About this task:
An image-free, exact copy of the records below is required.

Dataset content:
Start of Block
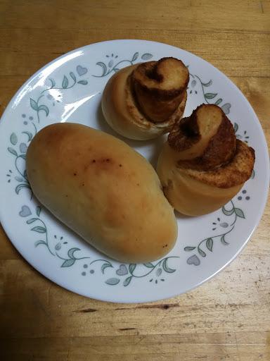 - The last picture has an apple-filled bun and two mini cinnamon rolls
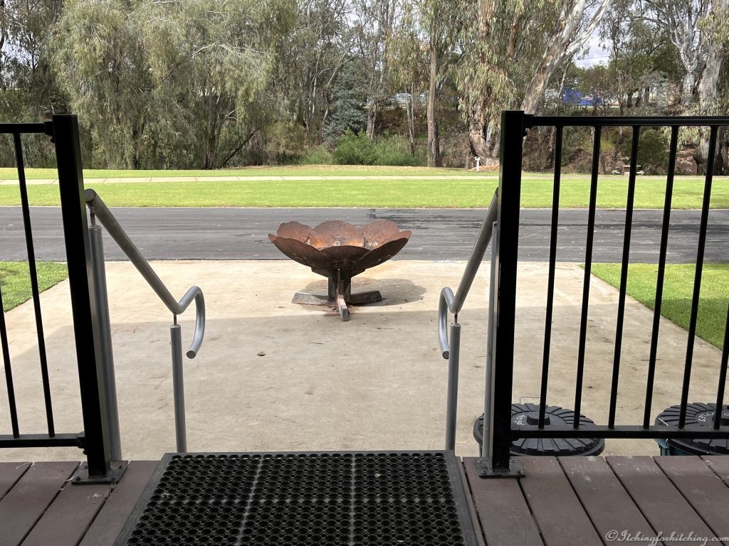 It was a pleasantly warm night with most of the windows and even the door open. It’s already 26 degrees at breakfast. The town fire siren goes off, there must be a grass fire somewhere. Woody has two walks around town before it gets too hot. We laze about like old cats enjoying the heat yet not moving. When Woody says that he doesn’t feel like lunch, my response is that a cold beer would go down well. And you know what? It was perfect.
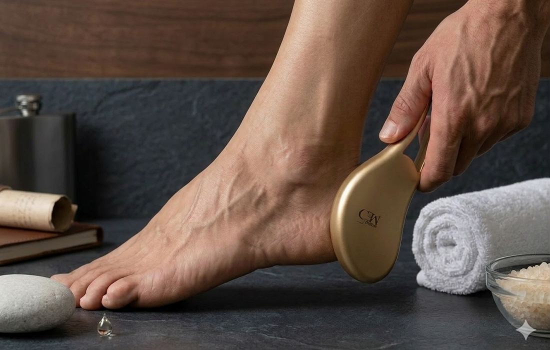 医師・専門家と共同開発した足専用角質ケアツールは、特殊なクリスタル素材とレーザー加工技術を組み合わせ、肌を傷つけることなく、少ない力で角質をしっかりオフ。つるんと心地よい足元へと導きます。バスタイム時にも使用できます。
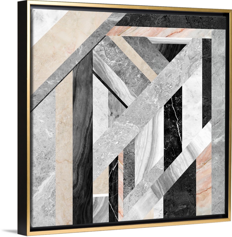 <p>Square modern painting of silver, black and beige lines, intersecting in varies directions, with a marble effect.</p>
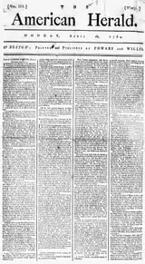 The American Herald (1784-1790) was a newspaper in Boston and Worcester, Massachusetts, published by Edward Eveleth Powars and Nathaniel Willis.[1][2][3][4]
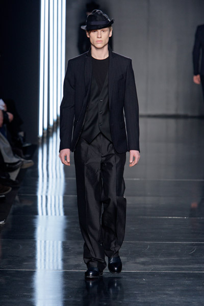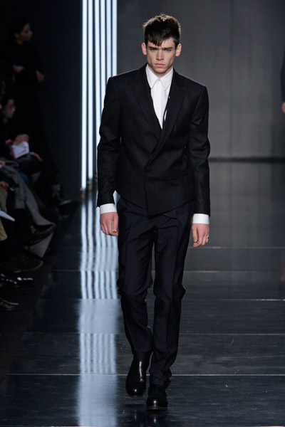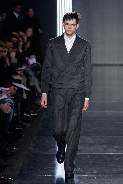 The Costume National Homme collection was about travellers and curious adventurers. According to us it was more about new wave, eighties and small suits for older boys. Lots of white, black and grey with a hint of green, a small silhouet and ankleboots.
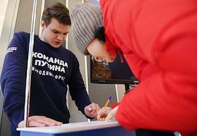 Пункт сбора подписей в поддержку самовыдвижения Владимира Путина на выборы президента России в…
End of Block
Task answer:
 - The last picture has an apple-filled bun and two mini cinnamon rolls
 It was a pleasantly warm night with most of the windows and even the door open. It’s already 26 degrees at breakfast. The town fire siren goes off, there must be a grass fire somewhere. Woody has two walks around town before it gets too hot. We laze about like old cats enjoying the heat yet not moving. When Woody says that he doesn’t feel like lunch, my response is that a cold beer would go down well. And you know what? It was perfect.
 医師・専門家と共同開発した足専用角質ケアツールは、特殊なクリスタル素材とレーザー加工技術を組み合わせ、肌を傷つけることなく、少ない力で角質をしっかりオフ。つるんと心地よい足元へと導きます。バスタイム時にも使用できます。
 <p>Square modern painting of silver, black and beige lines, intersecting in varies directions, with a marble effect.</p>
 The American Herald (1784-1790) was a newspaper in Boston and Worcester, Massachusetts, published by Edward Eveleth Powars and Nathaniel Willis.[1][2][3][4]
 The Costume National Homme collection was about travellers and curious adventurers. According to us it was more about new wave, eighties and small suits for older boys. Lots of white, black and grey with a hint of green, a small silhouet and ankleboots.
 Пункт сбора подписей в поддержку самовыдвижения Владимира Путина на выборы президента России в…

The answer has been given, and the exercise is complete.